Calculators › Voltage Drop
Voltage Drop & Ohm's Law
The exam expects basic electrical theory the NEC assumes you know. Ohm's law and voltage drop come up regularly — here are the formulas and a worked example.
Ohm's law & power
V = I × R (volts = amps × ohms)
P = V × I (watts = volts × amps)
P = I² × R (watts = amps² × ohms)
From any two values you can find the rest. Example: a 240 V heater drawing 20 A → P = 240 × 20 = 4,800 W; R = 240 ÷ 20 = 12 Ω.
Voltage drop formula
Using the "K" (resistivity) method, with K ≈ 12.9 for copper and CM = circular mils of the conductor (from NEC Chapter 9, Table 8):
Single-phase: VD = (2 × K × I × L) ÷ CM
Three-phase: VD = (1.732 × K × I × L) ÷ CM
L = one-way length in feet
Example — 120 V branch circuit, long run
A 20 A load, 100 ft one-way, on 12 AWG copper (CM = 6,530). Is the voltage drop acceptable?
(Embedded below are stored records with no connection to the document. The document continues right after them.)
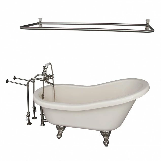 - Kit includes 60″ Double Acrylic Tub, Tub Filler with Handshower, Rectangular Shower Ring, Tub Supplies and Tub Drain
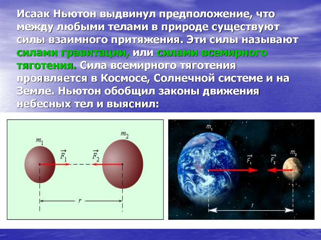 Исаак Ньютон выдвинул предположение, чтомежду любыми телами в природе существуют
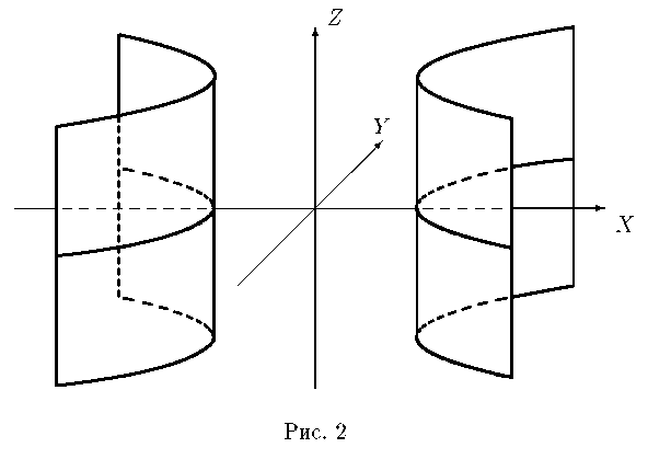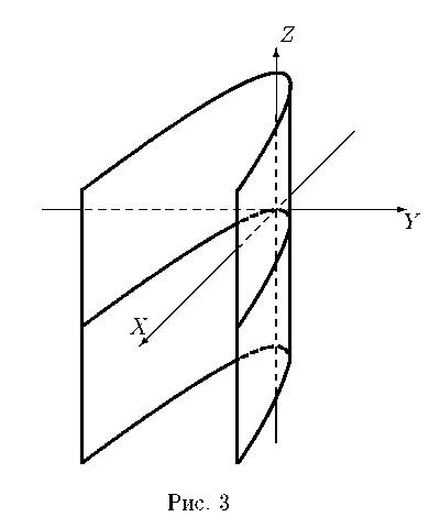 в трехмерном пространстве определяет цилиндрическую поверхность с образующими, параллельными оси OZ , направляющей является парабола (рис. 3).
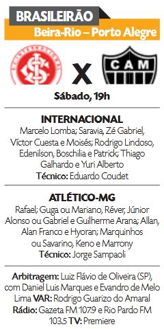 Depois de sofrer a primeira derrota para o Botafogo por 2 a 1, na quarta-feira passada, no Rio de Janeiro, e perder os 100% de aproveitamento no Campeonato Brasileiro, o Atlético-MG tenta se reabilitar diante do Internacional. O Galo aparece no terceiro posto, atrás do rival gaúcho por ter saldo de gols inferior. Existe a expectativa para a estreia de Eduardo Sasha logo contra seu ex-time, que o revelou para o futebol e que defendeu profissionalmente por cinco temporadas.
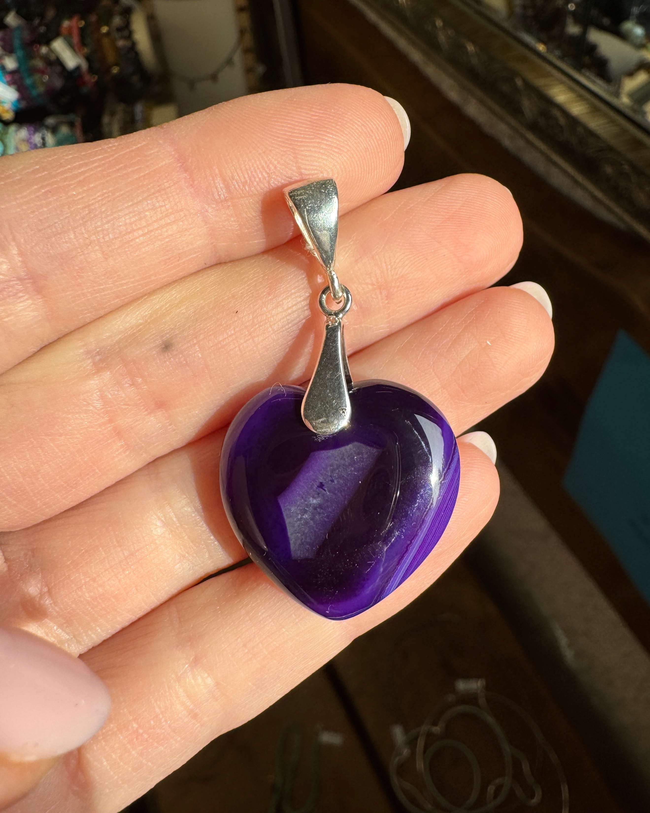 Piękny ręcznie robiony wisior z fioletowego agatu w kształcie serca i srebra pr.925
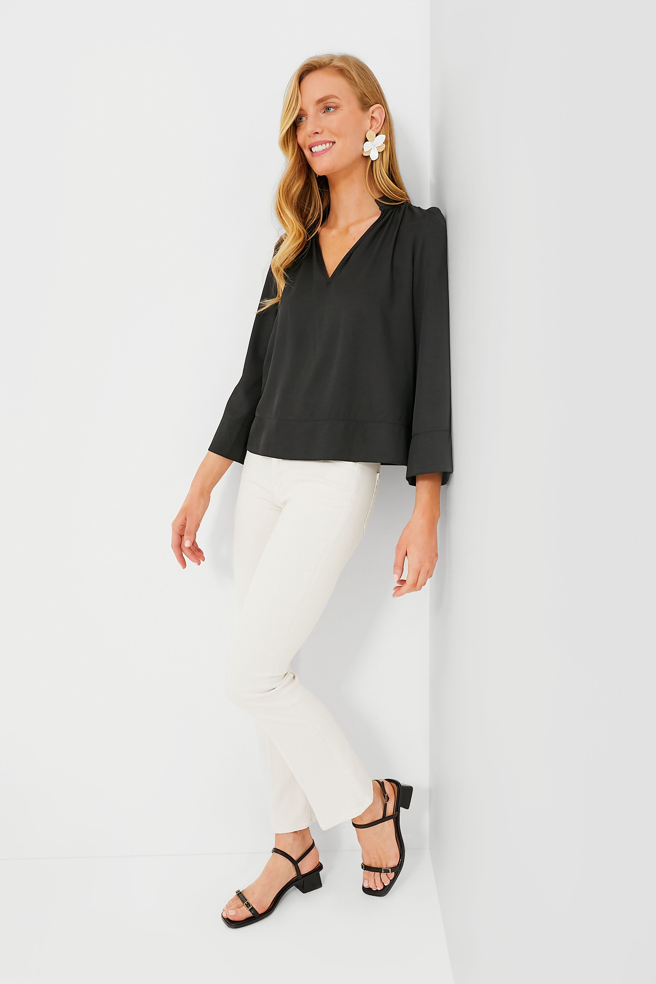 Effortlessly elevated. the Black Phillipa Blouse is a feminine silhouette that can be styled for countless occasions. This top drapes off the body in the most flattering way and features a stand collar with a gathered neckline. bracelet length sleeves. and a lightweight fabric that feels soft to the touch. Opt for light denim and sandals for a glamorous brunch look and swap for trousers and flats for a day in the office.
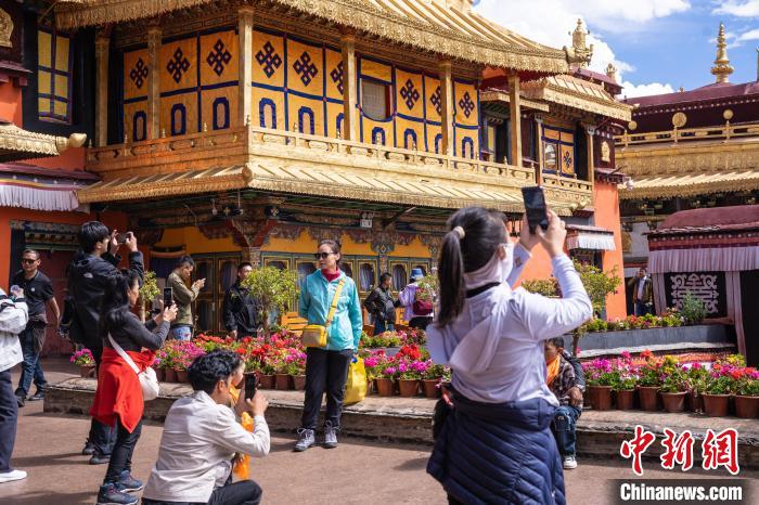 9月17日,游客在西藏拉薩大昭寺拍攝藏服寫真。中秋佳節(jié),距今已有1300多年歷史、2000年作為布達拉宮擴展項目列入《世界遺產名錄》的拉薩大昭寺迎來眾多游客。中新社記者 貢嘎來松 攝
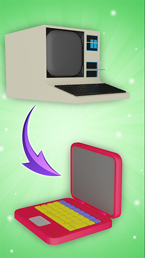 一款模拟计算机和笔记本电脑进化演变的街机动作游戏,操控你的笔记本电脑一路向前,选择正确的门来进化你的电脑
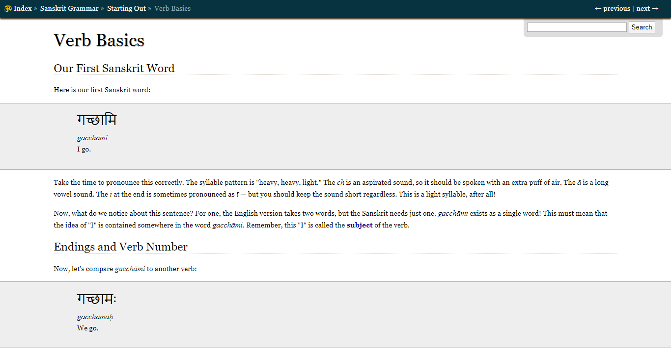 Eskimos have plenty of words for snow, but they have snowfall. Let us compare Sanskrit and a flexional language as Polish: is all the Sanskrit descriptive sophistry necessary, if the tongue simply uses flexion? “Our First Sanskrit Word” online turns out to be,
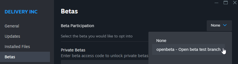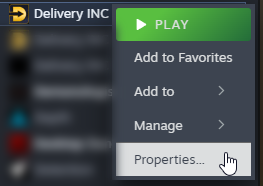 Right-click Delivery INC in your Steam library and choose “properties”.
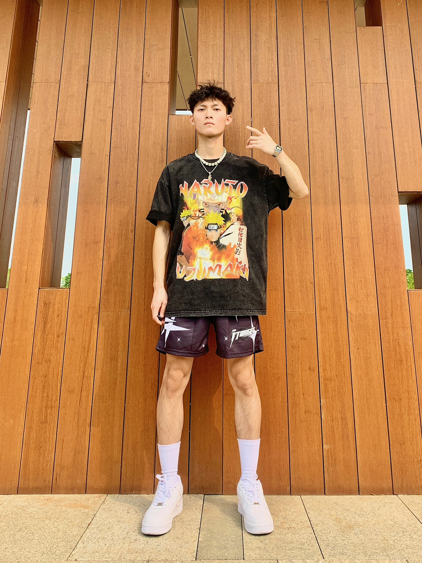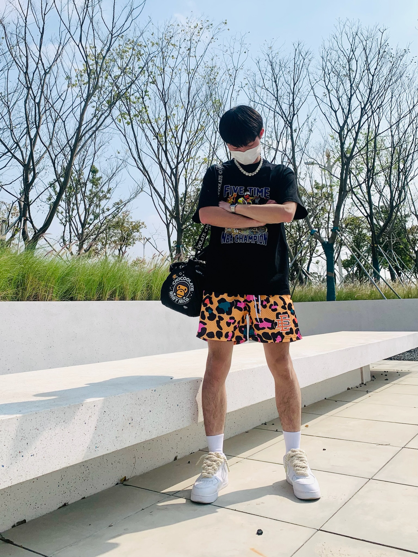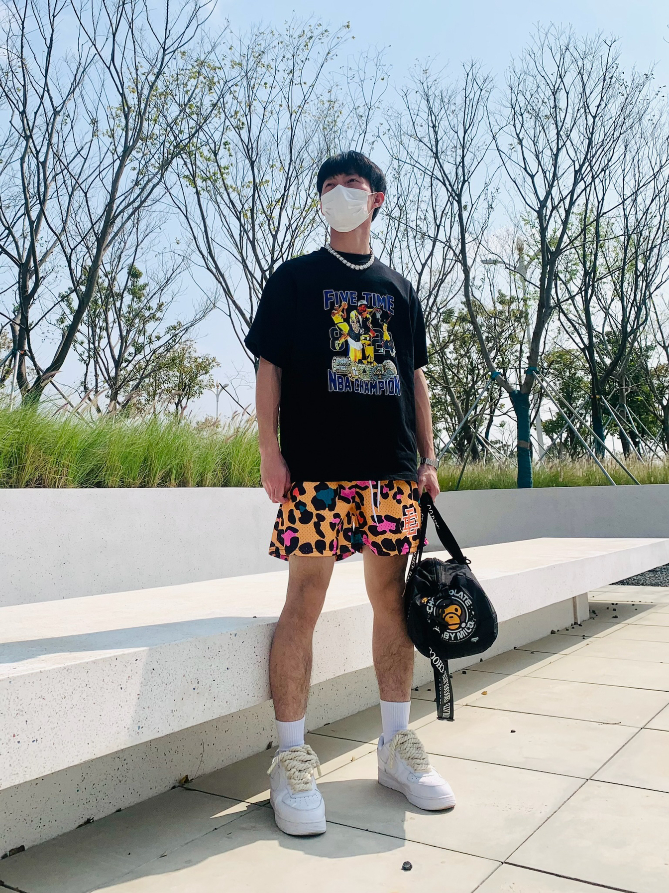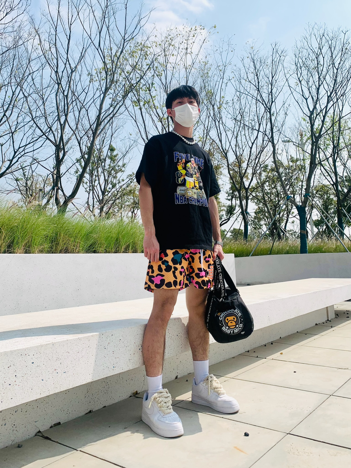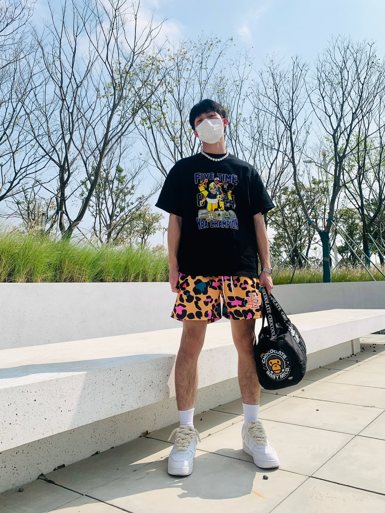 今天穿搭分享⬆️ Kobe图案数码直喷短袖➕⬇️字母印花美式短裤➕⚪️空军纯白夏天搭配这样美式穿搭出门不得迷倒一片人呢? 👕: 第76人类 🩳: IMA硬汉➡️tb🔍 👟:Nike Air Force 1 ⌚️:Casio
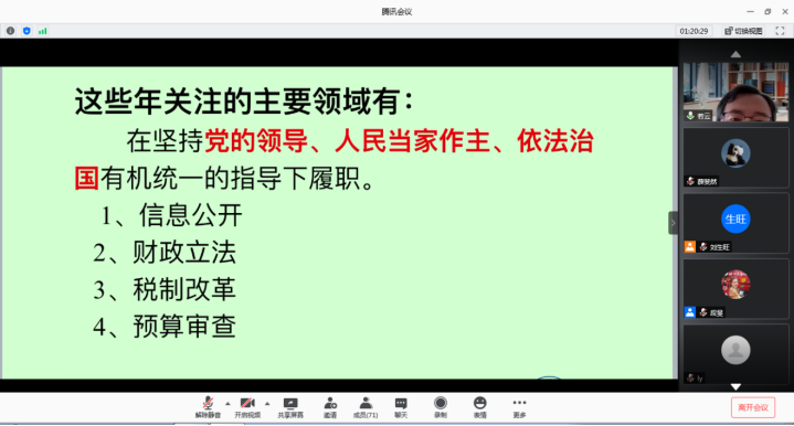 2020年8月18日上午9:00,世界杯赛程 第3期财税名家讲座在腾讯会议线上成功举行。本次活动由世界杯赛程 举办,活动主题为“高校如何服务社会——从两会履职角度的思考”,由上海财经大学公共与经济与管理世界杯赛程 院长——刘小兵教授主讲。其中,世界杯赛程 彭月兰、赵文生、刘生旺教授以及各位老师出席了此次活动,共75名学子参与。
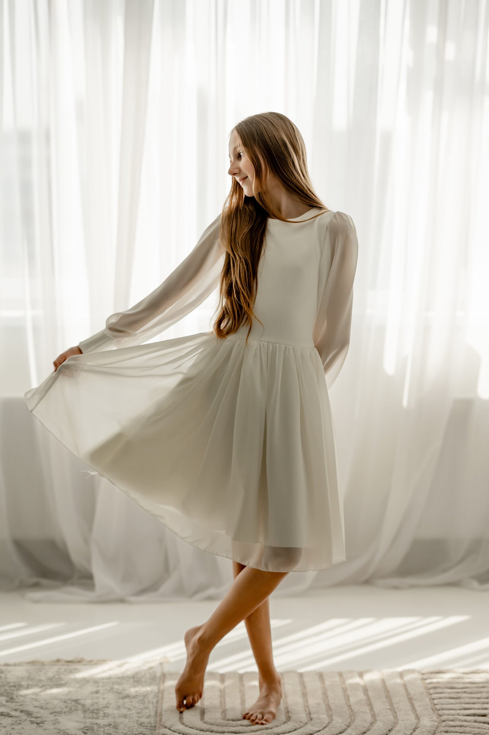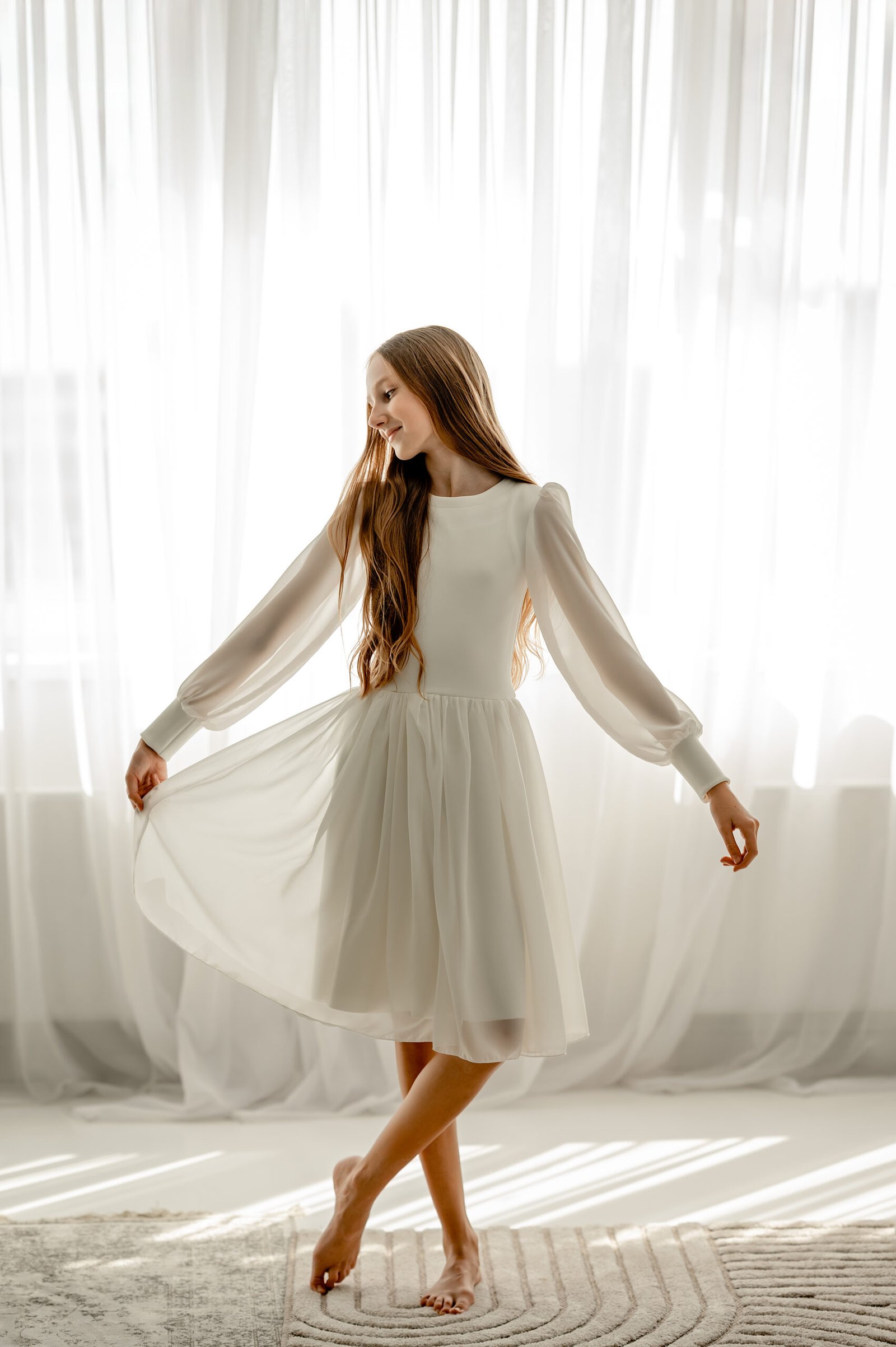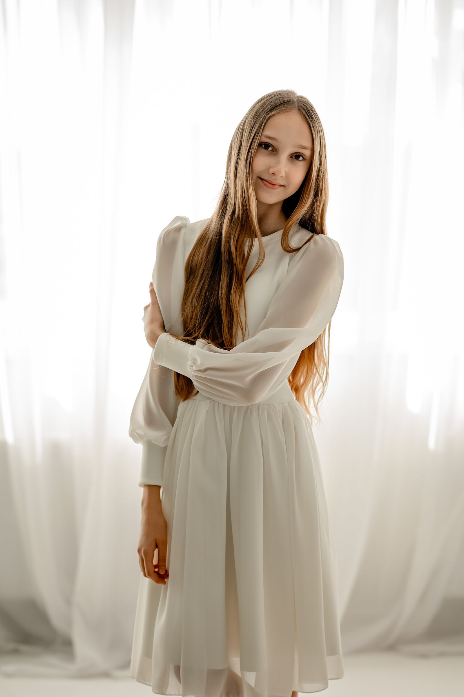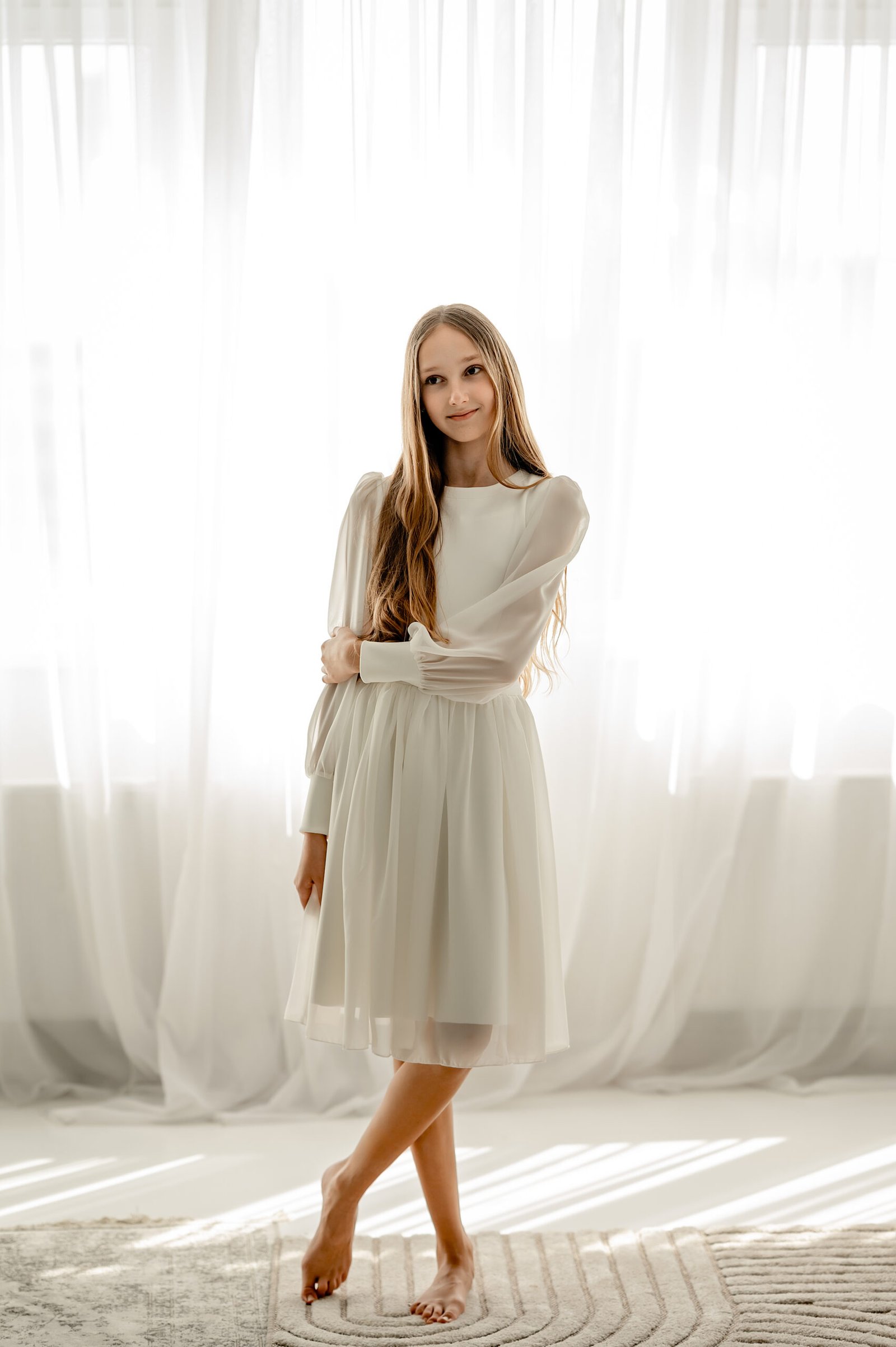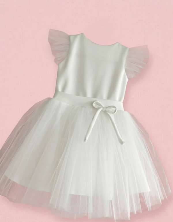 Balta suknelė su lengvai pūstomis rankovėmis yra puikus pasirinkimas Pirmosios komunijos, Sutvirinimo sakramento šventėms, Krikštynoms, gimtadieniams, vestuvėms, kitoms ypatingoms progoms.
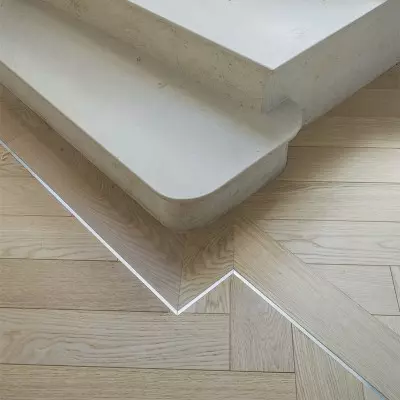 With our versatile 'à la carte' collection, you have the freedom to customize your wood flooring—choose your ideal stain, wood grade, and pattern, and personalize with custom planks in various widths and lengths. Whether you prefer Chevron, Herringbone, or straight planks, our Riviera Oak parquet flooring provides endless possibilities from a single shade, allowing you to create a truly bespoke interior.
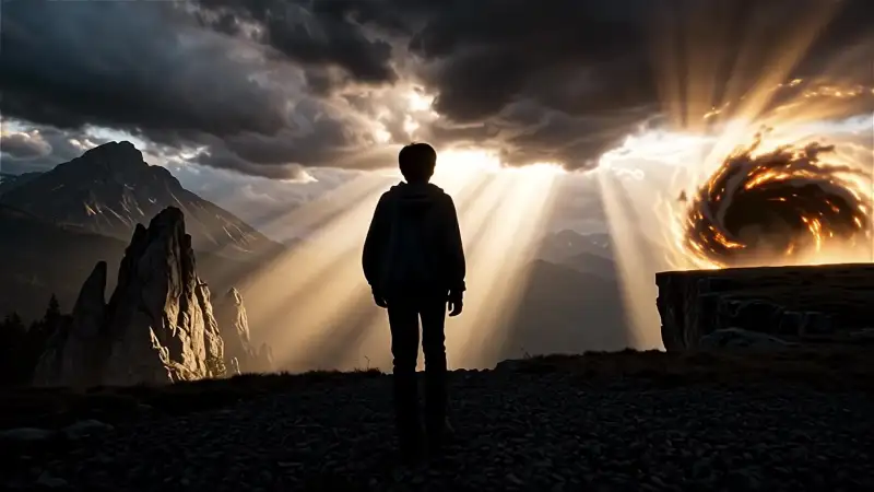 The sequence starts with a low-angle wide shot from behind the boy, showing his small frame against the gargantuan scale of the mountain range and the glowing sky. The portal isn't static; it’s a living storm of golden embers and obsidian shadows. The camera transitions to a medium tracking shot that circles the boy as he reaches his hand toward the sky, his fingers illuminated by the shimmering rift. Suddenly, the "shock" occurs: the portal pulses, and for a split second, the reflection of a futuristic city appears within the light. The camera then performs a high-speed cinematic zoom into the eye of the portal, moving past the boy at a dizzying pace. Lighting is theatrical, using "God rays" that pierce through the dark clouds, hitting the cliffside in rhythmic flashes. Audio: A cinematic masterpiece of sound design. It opens with the lonely sound of footsteps on gravel and a distant, ethereal choir. As the portal pulses, the epic music explodes into a hybrid of orchestral and synth-heavy trailer music. Foley effects include the "whoosh" of the camera zoom and the crystalline chiming of the portal’s energy. The narrator’s voice is layered with a slight echo: "History is written by those who stay on the ground. But legend... legend belongs to the boy who decided to fly into the eye of the storm." The audio cuts to a sudden, ringing silence in the final half-second.

- Apply the single-phase formula:
VD = (2 × 12.9 × 20 × 100) ÷ 6,530
= 51,600 ÷ 6,530 = 7.9 V
- As a percentage of 120 V:
7.9 V ÷ 120 V = 6.6%
- Compare to the recommendation: the NEC suggests ≤ 3% on a branch circuit (Informational Note to 210.19). 6.6% is too high.
- Fix it: upsize the conductor. 8 AWG (CM = 16,510) gives:
VD = (2 × 12.9 × 20 × 100) ÷ 16,510 = 3.1 V (2.6%) → OK
12 AWG = 6.6% (too high); 8 AWG = 2.6% (acceptable)
Exam note: voltage-drop limits (3% branch, 5% total) are recommendations in NEC Informational Notes, not mandatory rules — a common true/false trap. But you're still expected to be able to calculate it.